Executive Summary

A party is entitled to refer to adjudication a dispute in respect of the true value of the final account, even where a previous adjudicator has determined that a contractor is due to be paid the amount stated in its final account application by reason of the employer's failure to serve a payment notice or pay less notice. This does not amount to referring 'the same or substantially the same' dispute to adjudication.

The Facts

Kilker Projects Limited ("Kilker") employed Rob Purton ("Richwood") to carry out specialist joinery works at the Dorchester Hotel, Park Lane.

During the works, a dispute was referred to adjudication in which the adjudicator held that Kilker had failed to serve a valid payment notice or pay less notice in respect of Richwood's final account application. Accordingly, Kilker was ordered to pay Richwood £147,223.

Kilker commenced a second adjudication seeking a declaration of the true value of final account for the works and repayment of any sums found to have been overpaid to Richwood. The adjudicator decided the true value of the account, which led to Richwood being ordered to 're-pay' to Kilker £55,676 plus VAT.

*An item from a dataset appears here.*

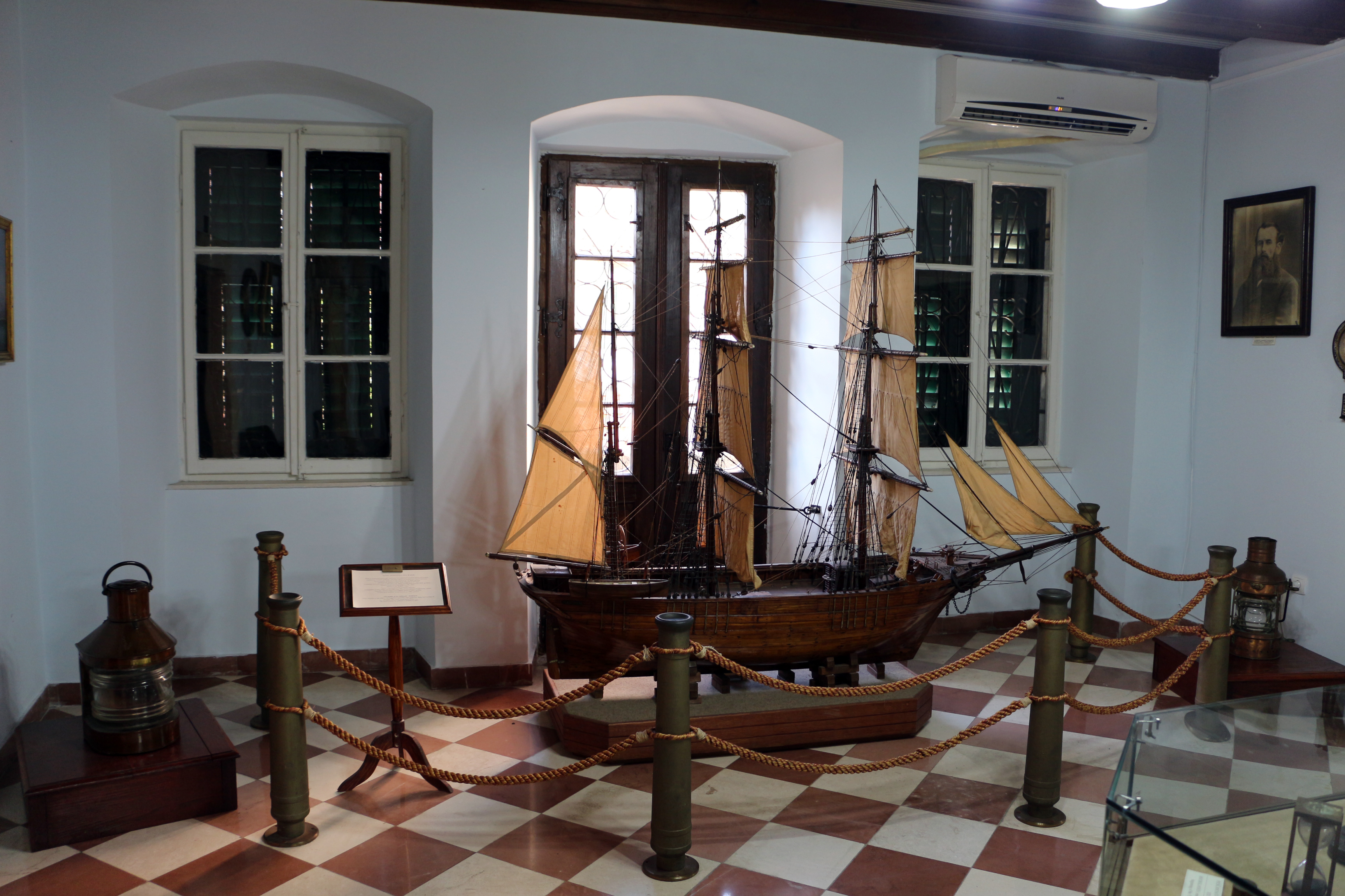 Maritime Museum of Montenegro in Kotor

Kilker commenced enforcement proceedings and, in defence, Richwood argued that the second adjudicator did not have jurisdiction to decide the dispute on the basis the first adjudicator had already decided the dispute as to value and payment of the final account.

The Decision

Richwood placed particular emphasis on the judgment of ISG Construction Ltd v Seevic College [2014] EWHC 4007 (TCC) in which Edwards-Stuart J held:

"... in the absence of any notices the amount stated in the contractor's application…is deemed to be the value of those works so that the employer must pay the sum applied for.

... if the employer fails to serve any notices in time it must be taken to be agreeing the value stated in the application, right or wrong. In my judgment, therefore, in that situation the first adjudicator must be in principle taken to have decided the question of the value of the work carried out by the contractor for the purposes of the interim application in question."

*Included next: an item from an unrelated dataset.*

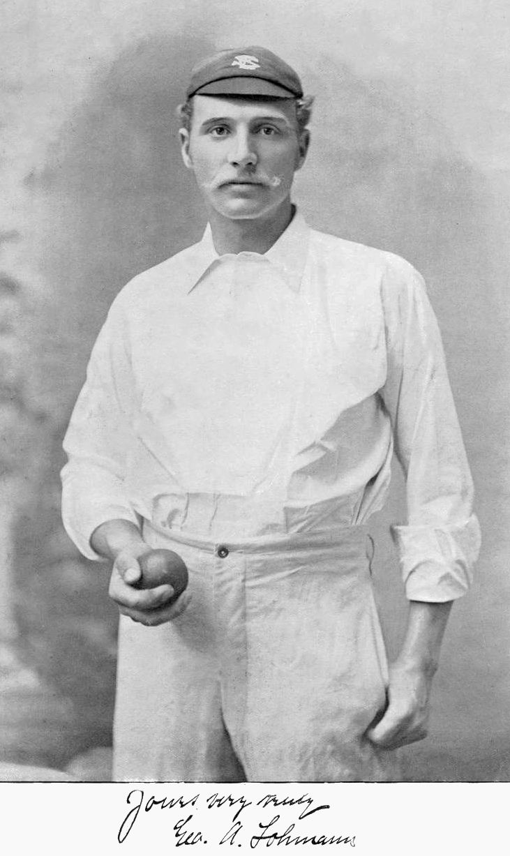 Original Famous Cricketers, #006 George Lohmann, Surrey, Cricket 1895

O'Farrell J was referred to the judgment of Galliford Try Building Ltd v Estura Ltd [2015] EWHC 412 (TCC) in which Edwards-Stuart J clarified his statements in ISG v Seevic. Here it was held that:

"…[an] employer cannot bring a second adjudication to determine the value of the work at the valuation date of the interim application in question. But it does not mean any more. There is nothing to prevent the employer challenging the value of the work on the next application, even if he is contending for a figure that is lower than the (unchallenged) amount stated in the previous application. If this was not made clear by my judgment, then it should have been, and it is certainly made clear by the decision of the Court of Appeal in Rupert Morgan Building Services (LLC) Ltd v Jervis [2003] EWCA Civ 1563."

O'Farrell J also considered Matthew Harding t/a MJ Harding Contractors v Paice [2015] EWCA Civ.1231 in which the Court of Appeal determined that the employer could refer to adjudication the question of the true valuation of a final account following termination, despite an earlier adjudication ordering payment of the contractor's application for final payment in full on the basis of a failure to serve a valid pay less notice.

In reliance on these judgments, O'Farrell decided that the 1996 Construction Act and the Scheme for Construction Contracts (as amended) are concerned only with cash flow. They "…establish a regime for determining stage or periodic payments throughout a relevant construction contract. They do not affect the ultimate value of the contract sum…". A party is entitled to have the "…ultimate value of the contract sum…" determined, including in adjudication and litigation. Accordingly, the second adjudicator's decision was upheld.